Hartley’s gaze nevertheless fixed into an intense, unblinking stare, drawn to, locked on the mouth and flawless, pearlescent white teeth of Crabtree, whose droning intonations became somewhat more somber after a moment or two, in conjunction with his face disappearing and being replaced by a black-and-white photo of a smiling child, identified as “Parker Dabb” by a little graphical overlay, the boy’s picture in turn supplanted by B-roll footage of his family’s tastefully appointed Dutch Colonial in Anytown’s quiet West End, here cordoned off by yellow police crime scene tape, and a “lower third” that read: “DABB BOY, 7, REUNITED WITH FATHER, IN HEAVEN”.

It was at this moment that the thunderous din of Crabtree’s incomprehensible voice took on a rapturous quality—just in time for the on-screen imagery to switch to video of a glorious, glimmering, shiny gold car, familiar to all citizens of Anytown for decades now, speeding along the Beltway. “MAN W/GOLD CAR SENDS TOT HOME TO DAD” the text now read, as a blissed-out Trace Crabtree returned to the screen, tears of joy streaking down his cheeks, wreaking hell on his bronzer.

Hartley’s head was pounding, a throbbing, stabbing pressure building behind his right eye. Mercifully, the din of the TV was silenced, but the relief he felt at having some relative quiet in which to nurse his excruciating pain was short-lived, as it returned, stronger than before, and he began to feel as if his head might explode, as if he might die.

“What’s the worst that could happen? You could die,” he heard his father’s voice—its unmistakable Southern baritone—say rather off-handedly from somewhere very near-at-hand.

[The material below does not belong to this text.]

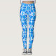 Leggings in a twelve point mandala pattern in shades of cobalt and cerulean blue with turquoise and aqua, accented with white
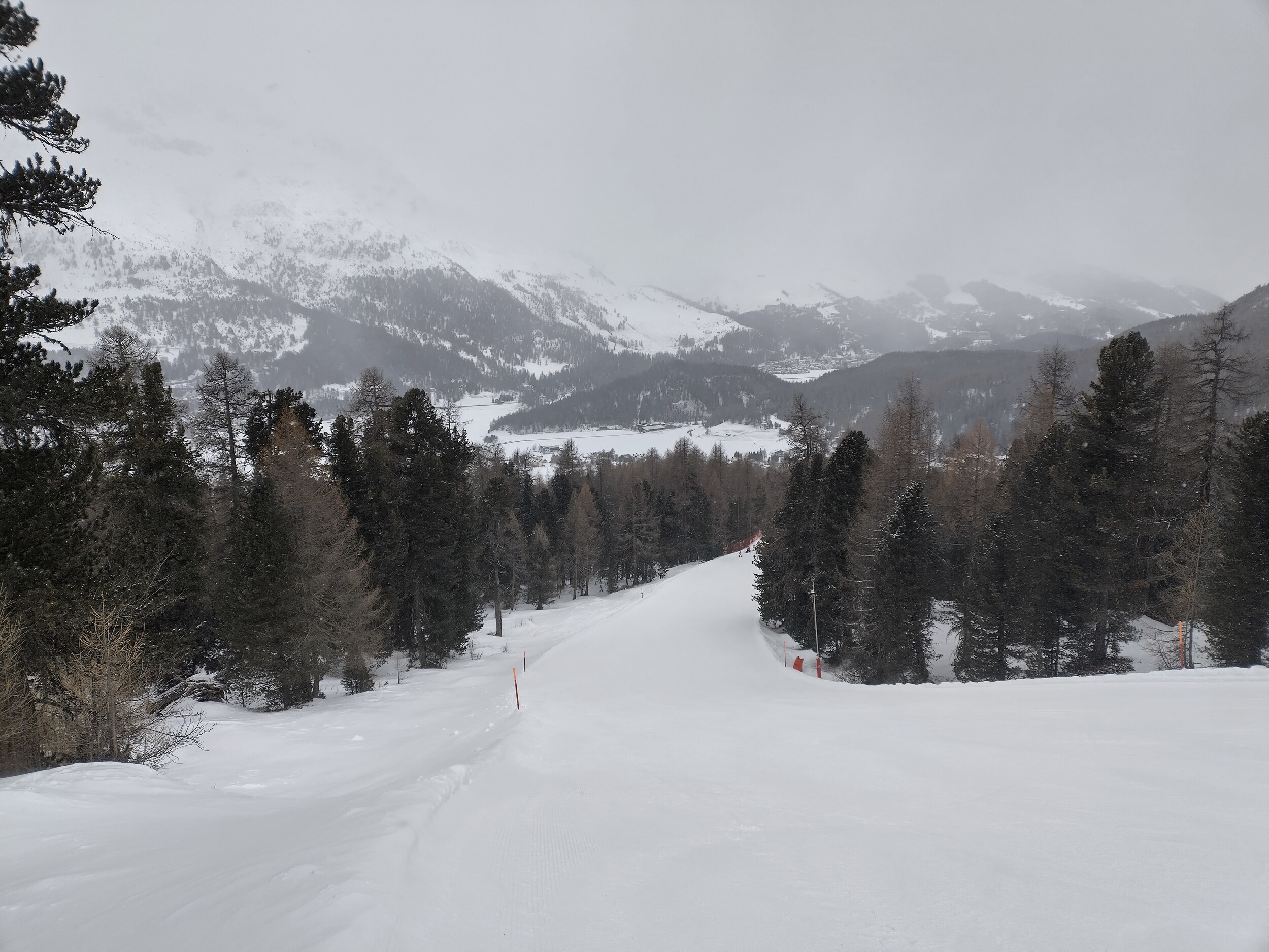 Aus meiner Sicht würde der Schnee nicht reichen für die Hahnensee. Die Piste braucht ja eine gute Unterlage. Es liegt im Engadin deutlich weniger als in Nordbünden. Auch am Piz Nair ist neben der Piste kaum was.

“Pop!” and then, fzzzzz… like the tab on a can of soda being opened. The first thing he was conscious of was the taste—the rancid, rotten flavor—that filled his mouth. The thick, hairy, caterpillar tongue that wriggled weakly and seemed to want to adhere to every tooth that it touched. And then it was the feeling of needles rubbed in his eyes. His eyes? He’d forgotten he had them. Upon opening them to the harsh, blinding light all around him, he wished he hadn’t. But what was that sound? Speech, and he realized it had been going on for some time.

“Are you listening, young man? You’d better be! This isn’t the kind of thing you’re gonna hear over at, at, at… at Podunk U!” the excited, somewhat nasal or adenoidal voice said with an airy chuckle. “What’ve you got there? You don’t drink that, you drink gin! No matter, I suppose. You’d drink aftershave if you thought it would get you ‘stoned’, eh? Well, that’s as may be, but you write beautifully. Beautifully!”

“What?” he croaked, feeling as if an anvil were sitting atop his chest. “I’m a hack! Even by the standards of——”

“Oh, poppycock! Spare me the false modesty, we haven’t the time.”

“Oh. No?”

Blake stood over him and, bracing himself and with great effort, leaned over until their faces were close together. The man’s face was a step up from hamburger, covered in a number of boils or pus-filled abscesses, and even from this angle he could see that Blake was gaunt and emaciated, and though the stench of garbage and standing piss was thick in the alley in which Hartley lay, the abiding odor was that of lingering death on Dr. Blake’s pathetic person.

“No indeed, young man. And you’re going to take down my vision, because I’ve forgotten how to write,” Blake said with an ironic smile as he showed Hartley his hands, which were a fiery red and had fingers gnarled and tangled as a copse of dead trees in some gothic forest.